Let’s also do a wordcloud for the trigrams.

wordcloud(words = freq_tri$word, freq = freq_tri$freq, min.freq = 1,
          max.words=200, random.order=FALSE, rot.per=0.45, 
          colors=brewer.pal(8, "Dark2"))

Sentiment Analysis

library(sentimentr)
sent_terms <- extract_sentiment_terms(lines)
sent_df <- sentiment(lines)

Plot of Sentiment

This next plot uses Mathhew Jocker’s syuzhet package to calculate the smoothed sentiment across the duration of the text.

On the y axis, you’ll notice the term “Emotional Valence.” From WikiPedia, Emotional Valence, as used in psychology, especially in discussing emotions, means the intrinsic attractiveness/“good”-ness (positive valence) or averseness/“bad”-ness (negative valence) of an event, object, or situation. The term also characterizes and categorizes specific emotions. For example, emotions popularly referred to as “negative”, such as anger and fear, have negative valence. Joy has positive valence. Positively valenced emotions are evoked by positively valenced events, objects, or situations. The term is also used to describe the hedonic tone of feelings, affect, certain behaviors (for example, approach and avoidance), goal attainment or nonattainment, and conformity with or violation of norms. Ambivalence can be viewed as conflict between positive and negative valence-carriers.

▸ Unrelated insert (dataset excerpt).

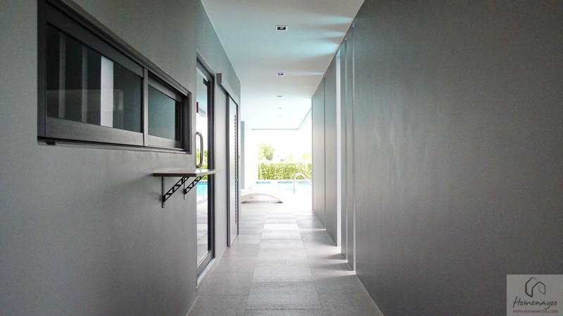 ภายในมีพื้นที่ใช้งานกว้างกำลังดีค่ะ สามารถ Built-in เคาน์เตอร์ครัวเข้ามุมขนาดใหญ่ ติด Hod, Hood, Sink ได้แบบ Full Function และยังมีพื้นที่เหลือให้วางตู้เย็น 6-12 คิวได้ นอกจากนั้นยังมีหน้าต่างกระจกบานเลื่อน ไว้เปิดระบายกลิ่น ระบายอากาศให้ออกไปทางหลังบ้านได้ด้วยค่ะ
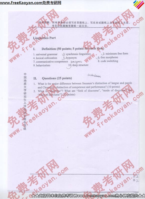相关话题/考研真题 中国地质大学 语言文学基础 英语

g <- plot(sent_df, transformation.function = syuzhet::get_dct_transform)
print(g)

Additional plot of sentiment…

sdf <- as.data.frame(sent_df)
h <- ggplot(as.data.frame(sdf), aes(x = sdf$word_count, y= sdf$sentiment, color = "blue")) + geom_bar(stat = "identity", fill = I("blue"))
print(h)

And finally, the percentage of various emotions displayed during Kavanaugh’s opening statement.

library(syuzhet)

nrc_data <- get_nrc_sentiment(lines)
nrc_values <- get_nrc_values(lines, language="english")
nrc_values
## # A tibble: 1 x 10
##   anger anticipation disgust  fear   joy negative positive sadness surprise
##   <dbl>        <dbl>   <dbl> <dbl> <dbl>    <dbl>    <dbl>   <dbl>    <dbl>
## 1     0            0       0     0     0        0        0       0        0
## # ... with 1 more variable: trust <dbl>
barplot(
  sort(colSums(prop.table(nrc_data[, 1:8]))), 
  horiz = TRUE, 
  cex.names = 0.8, 
  las = 1, 
  main = "Emotions in Kavanaugh Opening Statement", xlab="Percentage"
)

barplot(
  sort(colSums(prop.table(nrc_data[, 9:10]))), 
  horiz = TRUE, 
  cex.names = 0.8, 
  las = 1, 
  main = "Positive vs Negative Sentiment", xlab="Percentage"
)

The results of the above sentiment analysis are quite interesting. As we watched the opening statement and testimony from Kavanaugh on Sept. 28th, it was apparent that he seemed angry, fearful, surprised, sad, and disgusted. HOWEVER, it is interesting that the sentiment analysis revealed higher frequencies of trust, anticipation, and joy throughout his opening statement.

While the sentiment analysis can only really determine some basic feelings of Dr. Kavanaugh from reading through the words, we know that this analysis cannot understanding the tone or facial expressions during his testimony to the Senate.

Perhaps further analysis on Brett Kavanaugh’s testimony would reveal some other interesting insights.

~ Rich Huebner, PhD